Okay, you guys. Get ready to be staring at the business end of "Let's Talk About My Vacation, Part Seven Hundred Million" at some point, because I have a lot of things to tell you about this trip. It is going to take a long time, I'm afraid, and possibly even longer than that, considering that I typed out some highly descriptive notes on my phone at the end of every day so that I could remember what we did. And hey, get this: in a super creepy turn of events, those notes were not deleted in The Idiotic iPhone Deletion of 2012, even though all my videos were. I can't figure out what this means: that I should stick to using words to describe things, instead of cinematography? That the ghost of Steve Jobs stepped in and was all "guys, guys, come on, we can't let her lose everything"? That I don't really get how my phone actually works? One of those. Either way, I have much to say about our trip to South Africa (Plus A Little Bit of Amsterdam and An Even Littler Bit of Paris.) So let's begin!

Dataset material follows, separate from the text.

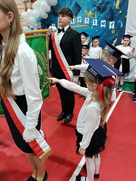 Uroczystość rozpoczęło wprowadzenie sztandaru, a następnie wspólne odśpiewanie hymnu państwowego. Nowi uczniowie, ubrani w odświętny strój, złożyli uroczyste ślubowanie — stanowiące zobowiązanie do przestrzegania wartości szkoły, szacunku do nauczycieli, kolegów oraz pilnej nauki.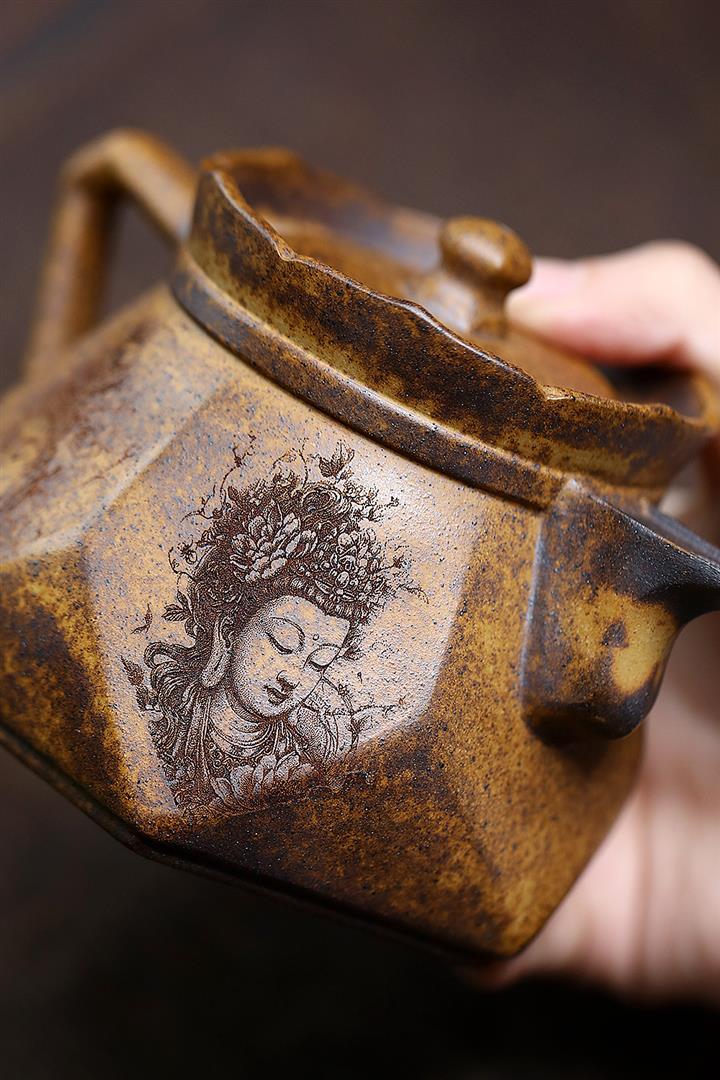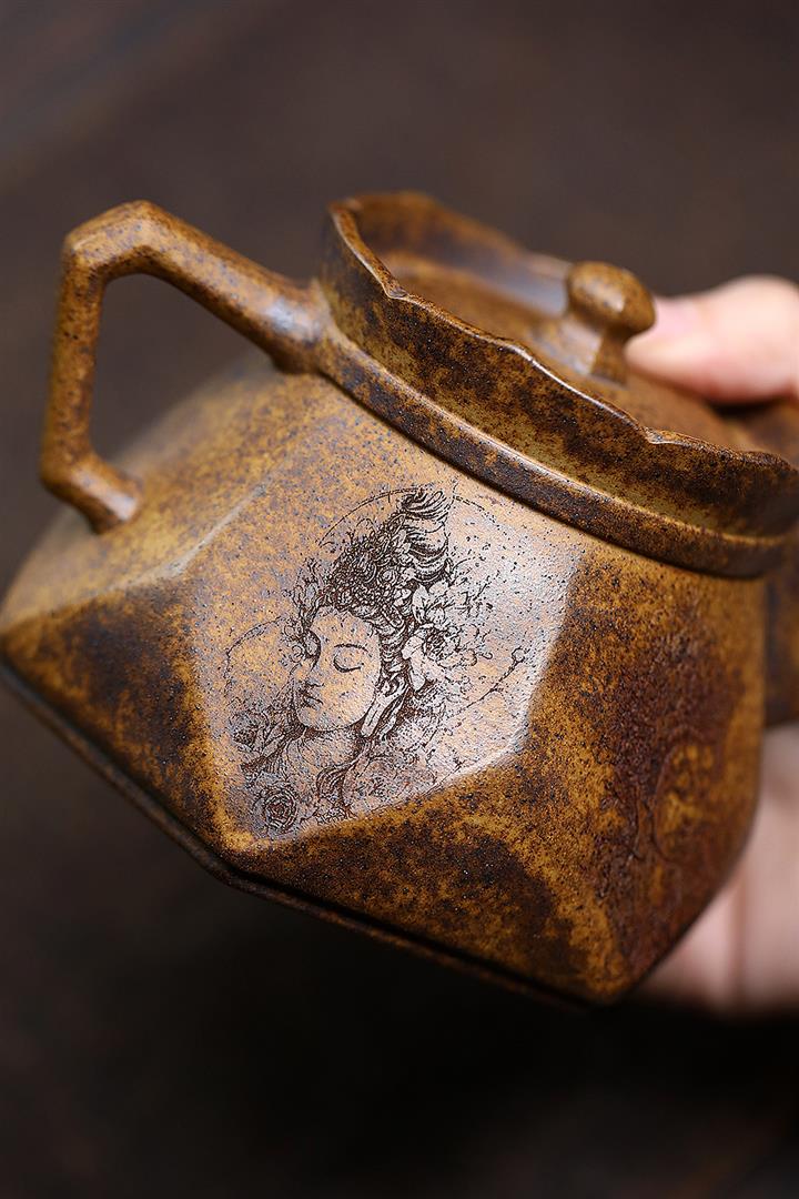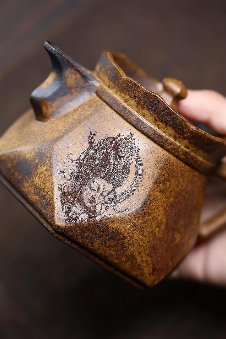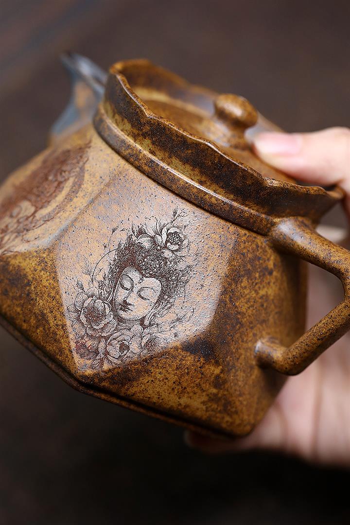原礦古烏泥滿刻花鳥西施茶壺POT7817

Because I am perhaps unhealthily obsessed with finding the cheapest flight to my destination—you know how some people do sudoku puzzles when they're bored? I like to open up Kayak.com and find the best-priced route from A to B; that's my kind of game—I searched for ages and ages to find a good deal to South Africa. I was flexible with everything: the date we left, the city we flew into, the airline we traveled with, the country we stopped over in. And wouldn't you know it, lo and behold, I finally found a flight at a price that could work. The upside? It came with a layover in Paris. The downside? It came with a layover in Paris. Because that layover was twelve hours.
Now you may remember that I have spent twelve hours in Paris before. That was a little different though; when my sister and I did that, we took the first Eurostar in and the last Eurostar out, and thus had a full night's sleep—laying flat, in a bed, oh the luxury!—on either end. With this layover, Sean and I would be arriving in Paris at 11am after a ten-and-a-half hour flight from San Francisco, then leaving again that night at 11pm on a ten-and-a-half hour flight to Cape Town. It seemed a little.....ambitious. We knew we'd enjoy ourselves, of course—who doesn't enjoy themselves in Paris?—but we wondered if we'd be so tired at that point that we'd actually even be speaking to one another. Paris is a lot more romantic when you're speaking to one another.

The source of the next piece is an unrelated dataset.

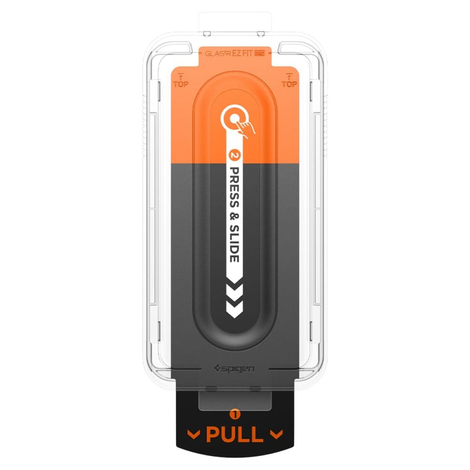 Szkło hartowane Spigen Glas.tR EZ Fit Pro to zaawansowana ochrona ekranu, stworzona z myślą o wygodzie i bezpieczeństwie użytkownika. Dzięki innowacyjnemu systemowi montażu EZ Fit Pro, aplikacja szkła jest szybka, precyzyjna i bezproblemowa – bez pęcherzyków powietrza i ryzyka przesunięcia.Produkt składa się z kilku warstw, w tym powłoki oleofobowej, która minimalizuje widoczność odcisków palców, warstwy ochronnej absorbującej wstrząsy oraz hartowanego szkła o twardości 9H, skutecznie zabezpieczającego ekran przed zarysowaniami i uszkodzeniami mechanicznymi.Glas.tR EZ Fit Pro zachowuje pełną przejrzystość oraz wysoką czułość na dotyk, nie wpływając na komfort codziennego użytkowania.*Szkło/Folia zostały precyzyjnie dopasowane jedynie do płaskiej powierzchni wyświetlacza o zaokrąglonej konstrukcji, na podstawie szablonu stworzonego przez producenta urządzenia. Taki kształt zapewnia pełną kompatybilność z innymi produktami ochronnymi.INSTRUKCJA MONTAŻU:1.Przeprowadź instalację w łazience zaraz po kąpieli – unosząca się para wodna zredukuje obecność kurzu w powietrzu, co pozwoli uniknąć jego osadzania się na ekranie.2. Starannie oczyść i odtłuść ekran, a następnie wypoleruj go suchą ściereczką, aby uzyskać idealnie gładką i czystą powierzchnię.3.Umieść ramkę montażową z przygotowanym szkłem na przedniej części telefonu, dokładnie dopasowując ją do krawędzi urządzenia.4.Ostrożnie usuń ramkę wraz z folią ochronną, a następnie dociśnij szkło do ekranu, wykonując okrężne ruchy przez kilkadziesiąt sekund. Upewnij się, że szkło dokładnie przylega, a warstwa klejąca solidnie się związała. W razie potrzeby usuń powietrze spod powierzchni, dociskając delikatnie miejsce po miejscu.Cechy produktu:· Twardość 9H zapewnia odporność na zarysowania i uszkodzenia ekranu· Zaokrąglone rogi 2.5D wpływają na zwiększenie wytrzymałości szkła podczas upadku telefonu, zapobiegając pokruszeniu szkła i w następstwie skaleczeniu użytkownika· Idealna przejrzystość· Case Friendly· Nie wpływa na funkcjonalność dotyku· Wymiary: 152 x 75 mmZawartość zestawu:· 1 x Szkło hartowane Spigen Glas.tR "EZ Fit Pro"· 1 x Zestaw instalacyjny

But you can't go to Paris and sit in an airport for twelve hours—well, you can, but I think the odds of not speaking to one another by the end of the day would be even higher—and so we rallied. Upon our arrival at Charles de Gaulle, we had two very clear priorities: one was hot caffeine and one was hot water. We made our way to the very first establishment we could find that appeared to be selling coffee—it was a kiosk in the airport's train station—and procured two very tiny Parisian coffees. (It's not that we wanted tiny coffees, you understand, it's just that all the coffees in Paris are tiny, the way all the women in Paris are impossibly chic.) A quick Metro ride later and we were wandering around the Gare du Nord in search of the showers.

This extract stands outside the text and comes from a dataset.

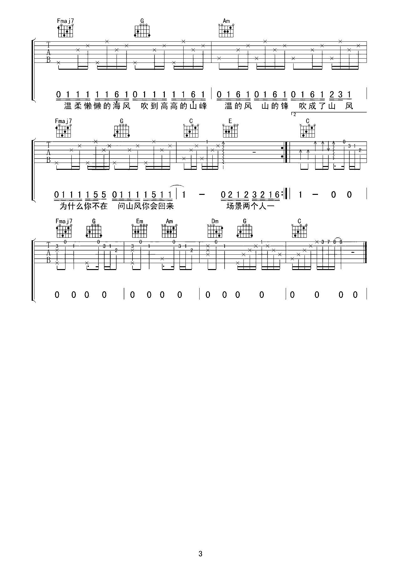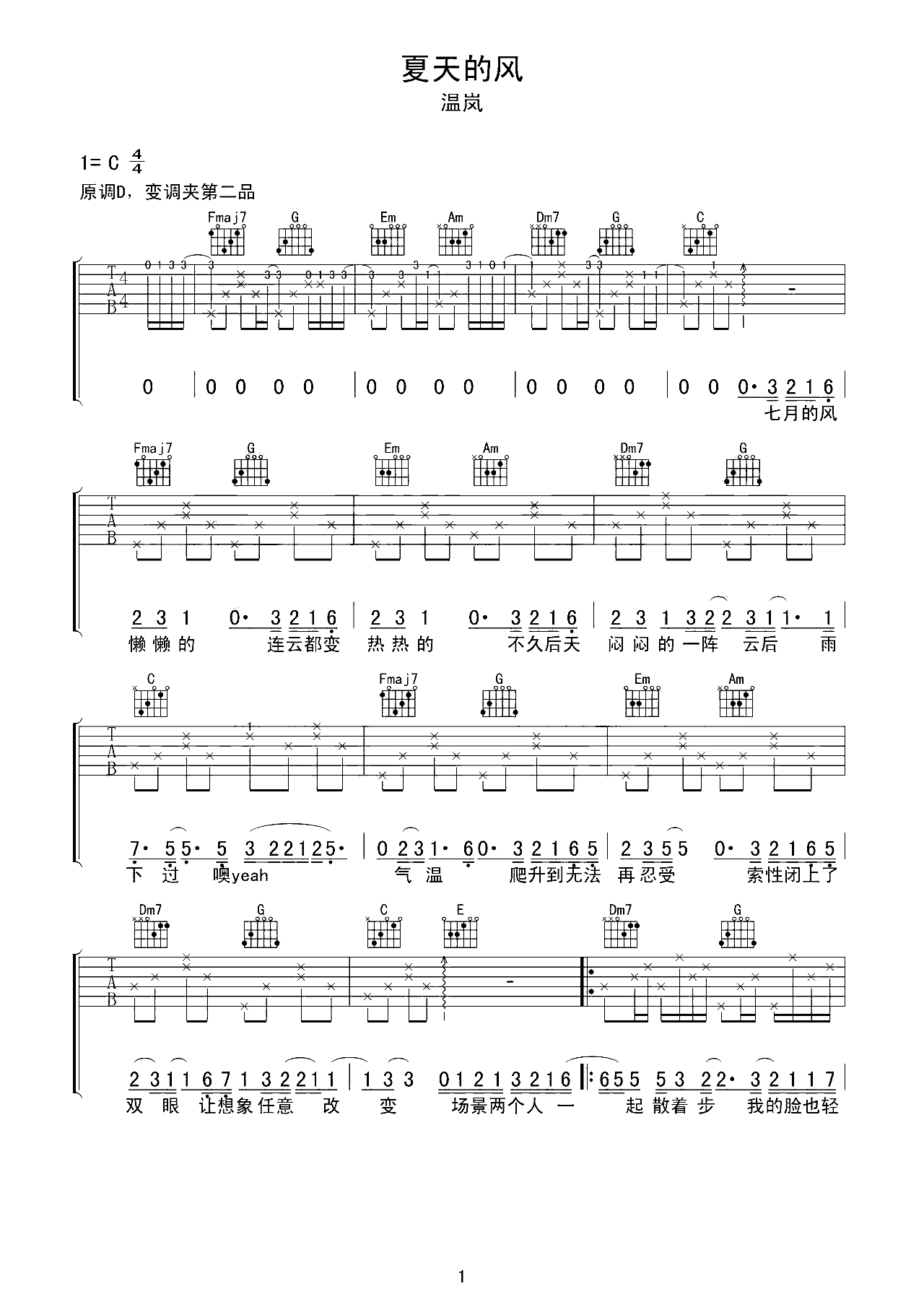 等风雨经过吉他谱_张学友/周杰伦_C调弹

Wait, hold up just a second, Holly. You were in the Gare du Nord? Which is a train station? Looking for a shower?
This is the part of my blog post where I totally admit that I took a shower in a train station. Hear me out, though; it wasn't, like, a public shower in the train station. I mean, I had to pay to take a shower in the train station. Does that count for anything? Does it at least make it a little less weird, maybe? Yes? No?
Yeah, no. Here is the thing: I do not recommend taking a shower in a train station. Knowing that we'd both feel a lot better if we could freshen up a little after an overnight flight, I'd done the research in advance and had found, in some obscure little corner of the Internet, a place called McClean in the Gare Du Nord that boasted spotless, well-run shower facilities. I don't know if we just didn't find McClean, and instead found some kind of second-rate imposter shower company, but it was....well, it was an experience.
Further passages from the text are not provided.